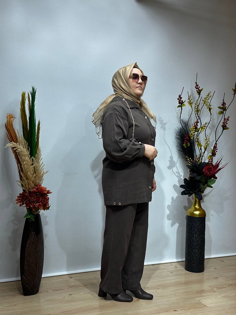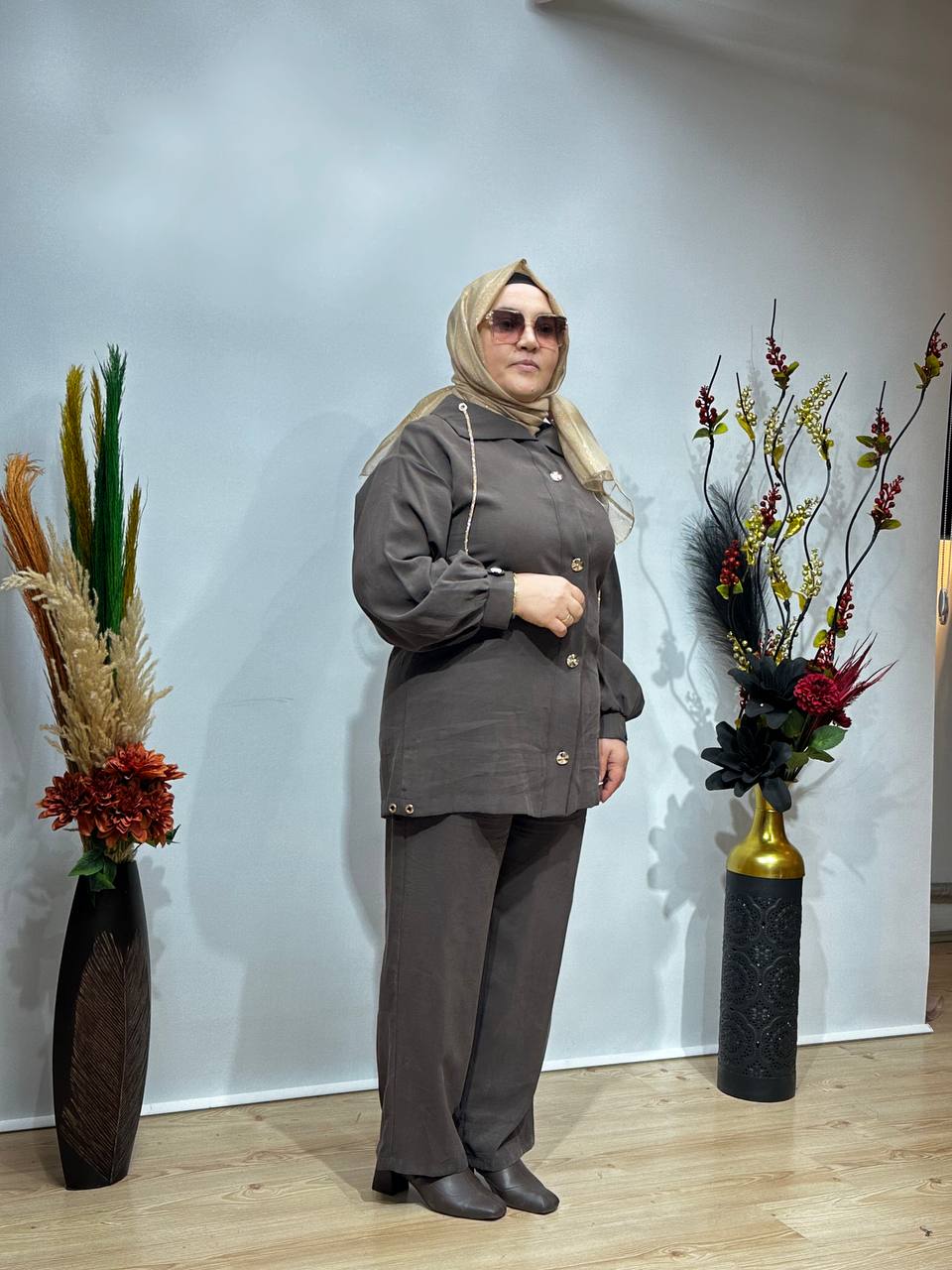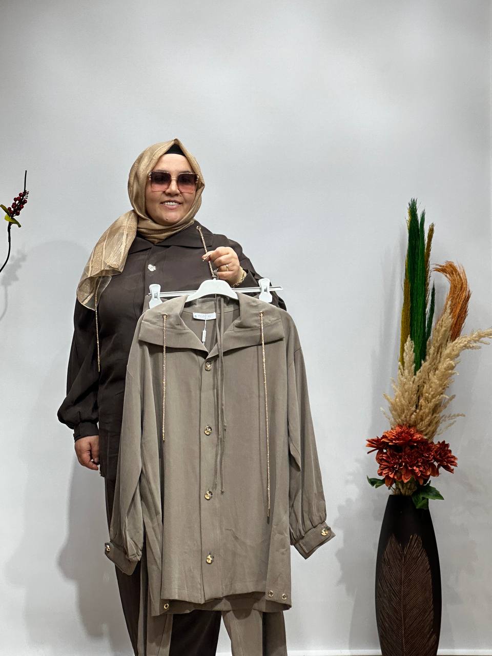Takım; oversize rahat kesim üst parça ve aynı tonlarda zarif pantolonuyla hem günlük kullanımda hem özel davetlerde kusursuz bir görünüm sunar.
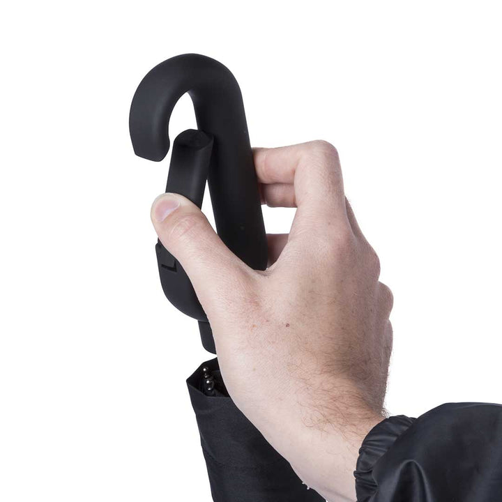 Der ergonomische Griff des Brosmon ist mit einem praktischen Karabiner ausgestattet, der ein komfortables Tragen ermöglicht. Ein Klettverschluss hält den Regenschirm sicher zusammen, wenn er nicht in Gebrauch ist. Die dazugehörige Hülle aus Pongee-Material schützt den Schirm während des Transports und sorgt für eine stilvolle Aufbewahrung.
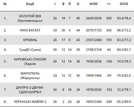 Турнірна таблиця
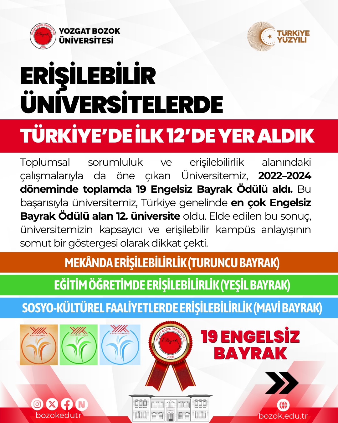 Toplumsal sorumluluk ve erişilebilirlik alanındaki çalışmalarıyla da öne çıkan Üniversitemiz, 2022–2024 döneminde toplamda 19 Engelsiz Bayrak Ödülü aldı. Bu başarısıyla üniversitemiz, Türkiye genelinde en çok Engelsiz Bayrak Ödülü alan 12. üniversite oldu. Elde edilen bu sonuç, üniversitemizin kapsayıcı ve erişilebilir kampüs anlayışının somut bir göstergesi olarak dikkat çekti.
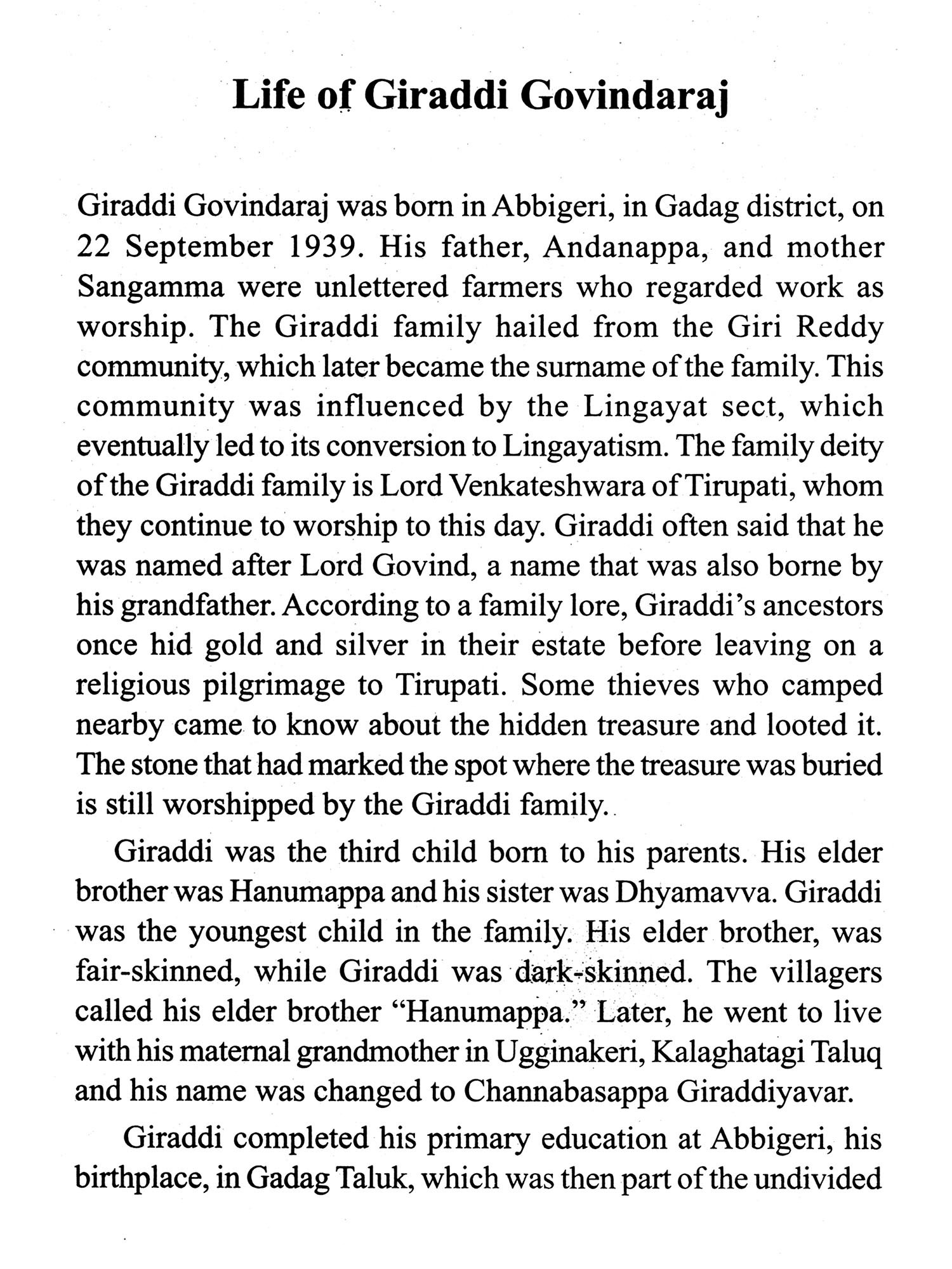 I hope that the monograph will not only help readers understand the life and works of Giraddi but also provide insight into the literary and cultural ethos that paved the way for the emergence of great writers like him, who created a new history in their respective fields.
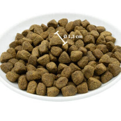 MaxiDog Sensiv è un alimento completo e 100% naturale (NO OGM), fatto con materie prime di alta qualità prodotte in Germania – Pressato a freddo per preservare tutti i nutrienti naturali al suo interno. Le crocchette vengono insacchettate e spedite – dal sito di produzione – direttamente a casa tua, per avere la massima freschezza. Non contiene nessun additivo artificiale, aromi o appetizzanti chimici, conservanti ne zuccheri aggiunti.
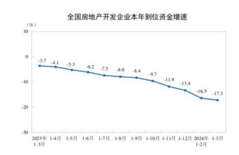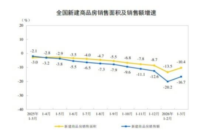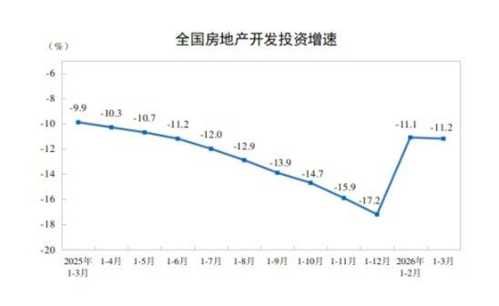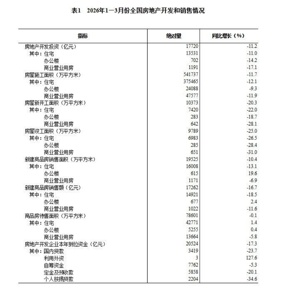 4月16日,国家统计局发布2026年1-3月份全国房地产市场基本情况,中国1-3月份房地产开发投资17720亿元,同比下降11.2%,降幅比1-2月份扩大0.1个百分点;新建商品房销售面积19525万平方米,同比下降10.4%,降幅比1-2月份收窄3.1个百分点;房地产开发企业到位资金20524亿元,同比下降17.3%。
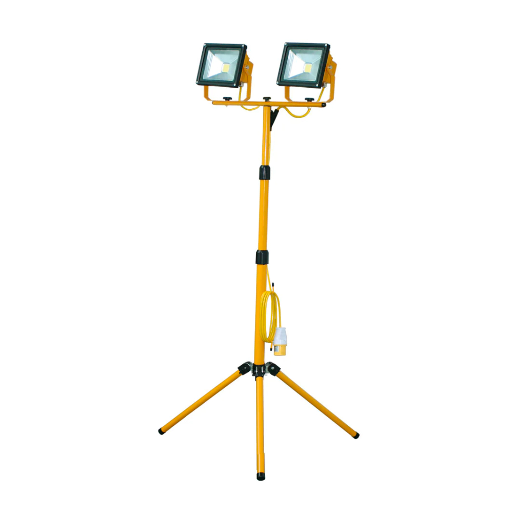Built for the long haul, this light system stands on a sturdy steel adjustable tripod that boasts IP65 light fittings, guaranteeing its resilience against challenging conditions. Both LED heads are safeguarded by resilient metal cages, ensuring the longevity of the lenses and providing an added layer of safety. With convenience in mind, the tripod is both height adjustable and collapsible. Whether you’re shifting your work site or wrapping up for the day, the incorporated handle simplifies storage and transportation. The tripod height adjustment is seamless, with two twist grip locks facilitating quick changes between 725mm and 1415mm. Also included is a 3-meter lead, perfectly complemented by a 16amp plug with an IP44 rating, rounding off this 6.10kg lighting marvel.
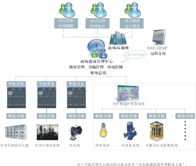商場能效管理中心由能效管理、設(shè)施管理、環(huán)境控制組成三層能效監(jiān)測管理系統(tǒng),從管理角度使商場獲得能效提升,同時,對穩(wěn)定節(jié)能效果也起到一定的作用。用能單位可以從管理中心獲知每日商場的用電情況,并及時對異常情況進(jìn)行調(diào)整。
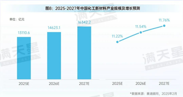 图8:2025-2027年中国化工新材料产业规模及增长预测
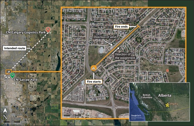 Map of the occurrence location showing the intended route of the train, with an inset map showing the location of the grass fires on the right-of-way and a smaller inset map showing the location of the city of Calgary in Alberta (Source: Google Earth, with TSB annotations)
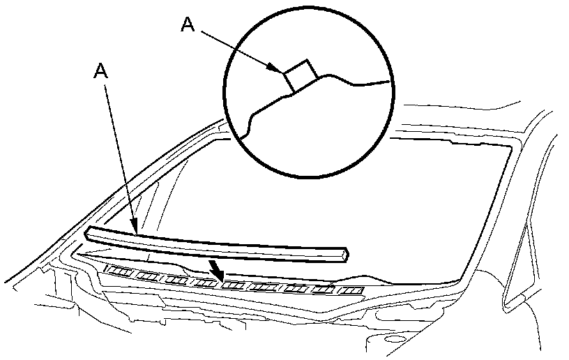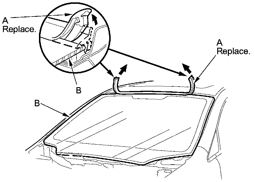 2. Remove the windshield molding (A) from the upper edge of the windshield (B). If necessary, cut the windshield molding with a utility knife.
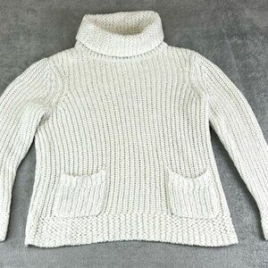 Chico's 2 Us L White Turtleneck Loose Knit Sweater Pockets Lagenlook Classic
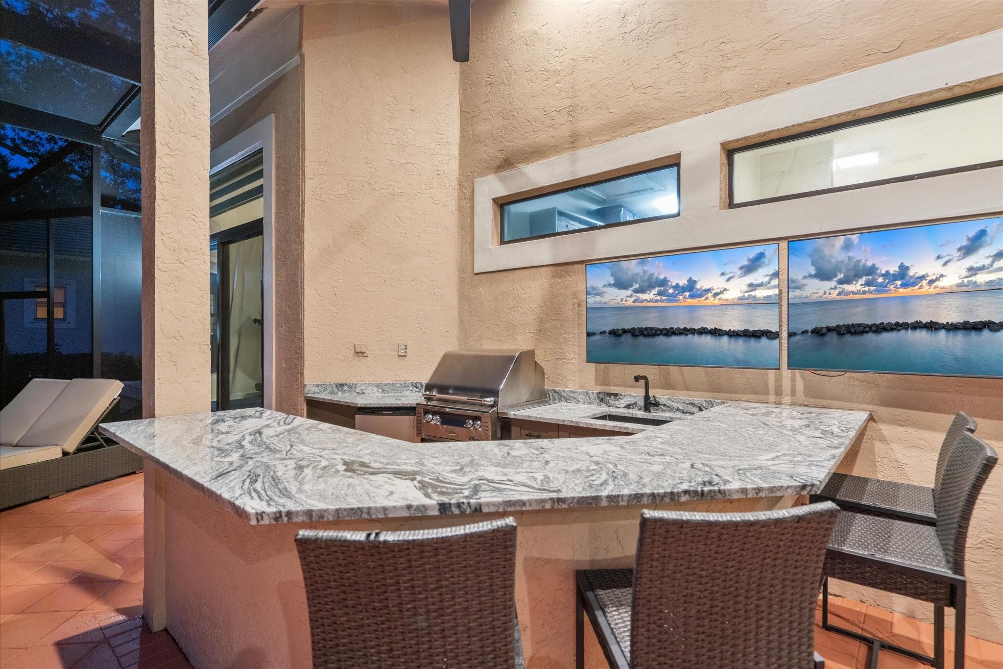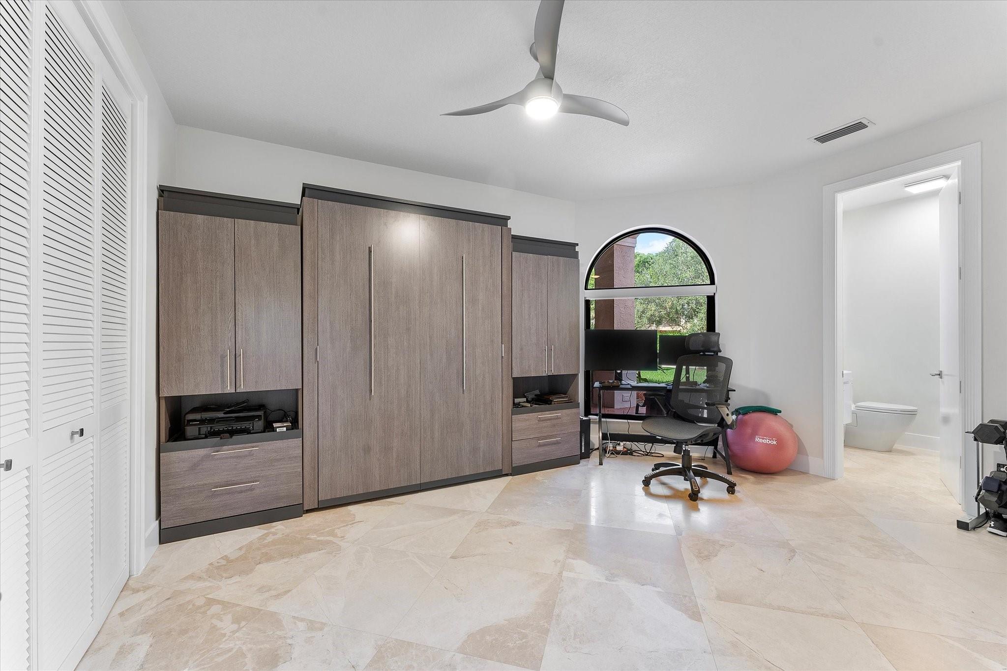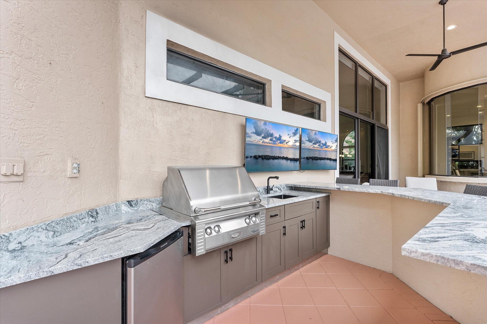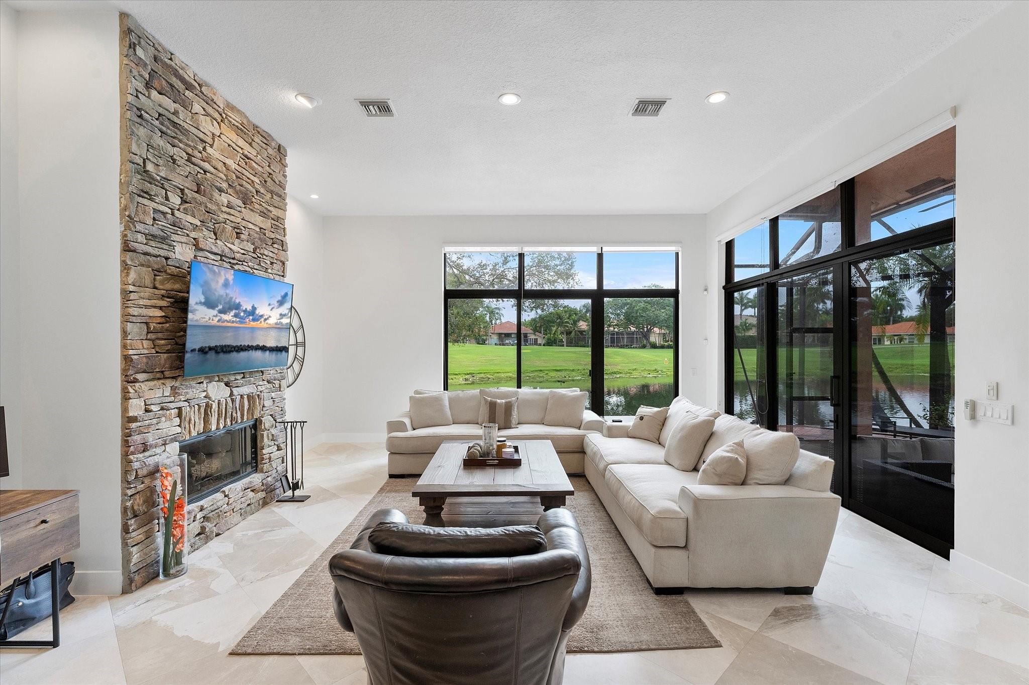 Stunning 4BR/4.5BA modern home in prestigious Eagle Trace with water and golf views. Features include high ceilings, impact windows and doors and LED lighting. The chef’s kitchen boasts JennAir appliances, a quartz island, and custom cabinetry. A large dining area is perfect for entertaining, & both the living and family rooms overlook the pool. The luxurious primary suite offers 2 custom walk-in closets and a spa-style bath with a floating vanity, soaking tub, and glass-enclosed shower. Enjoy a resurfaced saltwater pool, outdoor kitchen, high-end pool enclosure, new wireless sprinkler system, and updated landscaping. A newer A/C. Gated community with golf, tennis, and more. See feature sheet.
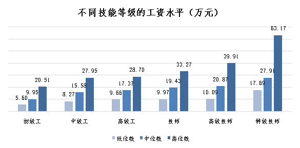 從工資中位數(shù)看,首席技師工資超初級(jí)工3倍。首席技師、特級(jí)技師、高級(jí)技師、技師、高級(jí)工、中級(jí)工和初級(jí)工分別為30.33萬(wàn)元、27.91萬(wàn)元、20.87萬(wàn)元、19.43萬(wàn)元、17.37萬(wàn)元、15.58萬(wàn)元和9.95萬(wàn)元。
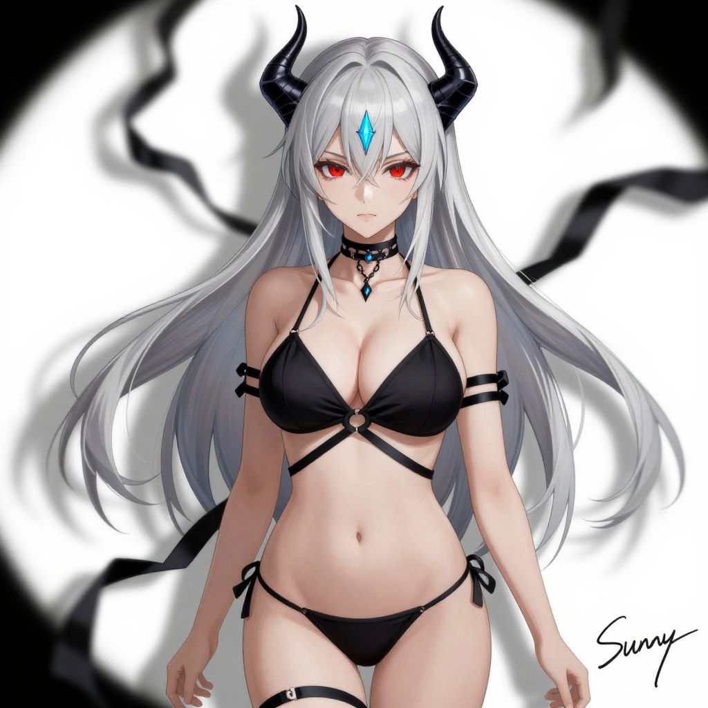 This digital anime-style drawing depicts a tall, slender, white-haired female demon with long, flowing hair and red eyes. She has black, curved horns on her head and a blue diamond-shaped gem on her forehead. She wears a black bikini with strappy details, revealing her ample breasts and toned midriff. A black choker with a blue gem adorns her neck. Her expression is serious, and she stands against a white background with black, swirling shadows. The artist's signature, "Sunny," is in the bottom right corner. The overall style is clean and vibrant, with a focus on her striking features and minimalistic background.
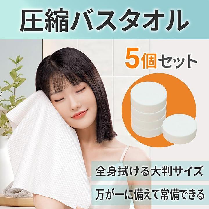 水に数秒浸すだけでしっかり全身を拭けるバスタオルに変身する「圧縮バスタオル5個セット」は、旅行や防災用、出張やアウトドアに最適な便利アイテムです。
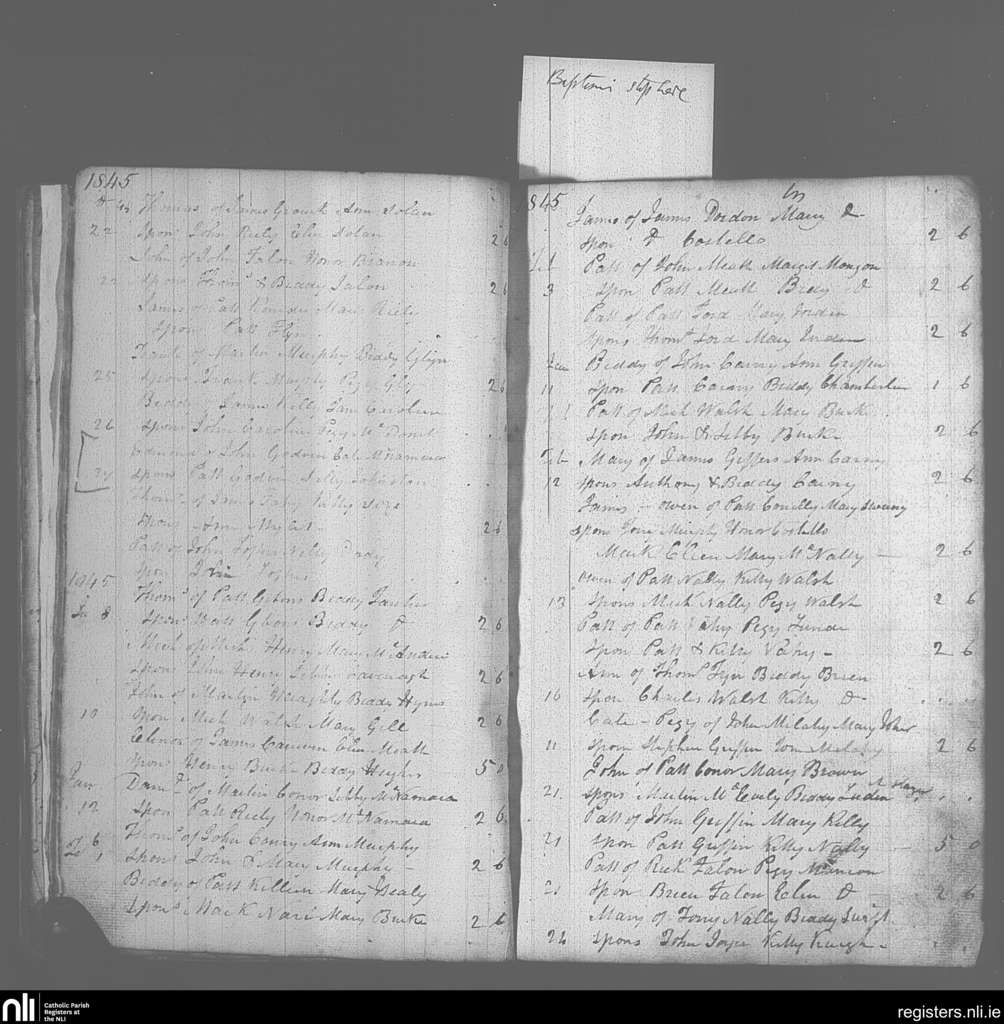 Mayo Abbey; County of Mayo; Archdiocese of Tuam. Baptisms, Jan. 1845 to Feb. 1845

▸ Exercise:
Transcribe, word for word, only the material from its opening line through the line containing "I hope that", both ends included, and omit the pictures.

▸ Solution for this exercise:
Takım; oversize rahat kesim üst parça ve aynı tonlarda zarif pantolonuyla hem günlük kullanımda hem özel davetlerde kusursuz bir görünüm sunar.
 Der ergonomische Griff des Brosmon ist mit einem praktischen Karabiner ausgestattet, der ein komfortables Tragen ermöglicht. Ein Klettverschluss hält den Regenschirm sicher zusammen, wenn er nicht in Gebrauch ist. Die dazugehörige Hülle aus Pongee-Material schützt den Schirm während des Transports und sorgt für eine stilvolle Aufbewahrung.
 Турнірна таблиця
 Toplumsal sorumluluk ve erişilebilirlik alanındaki çalışmalarıyla da öne çıkan Üniversitemiz, 2022–2024 döneminde toplamda 19 Engelsiz Bayrak Ödülü aldı. Bu başarısıyla üniversitemiz, Türkiye genelinde en çok Engelsiz Bayrak Ödülü alan 12. üniversite oldu. Elde edilen bu sonuç, üniversitemizin kapsayıcı ve erişilebilir kampüs anlayışının somut bir göstergesi olarak dikkat çekti.
 I hope that the monograph will not only help readers understand the life and works of Giraddi but also provide insight into the literary and cultural ethos that paved the way for the emergence of great writers like him, who created a new history in their respective fields.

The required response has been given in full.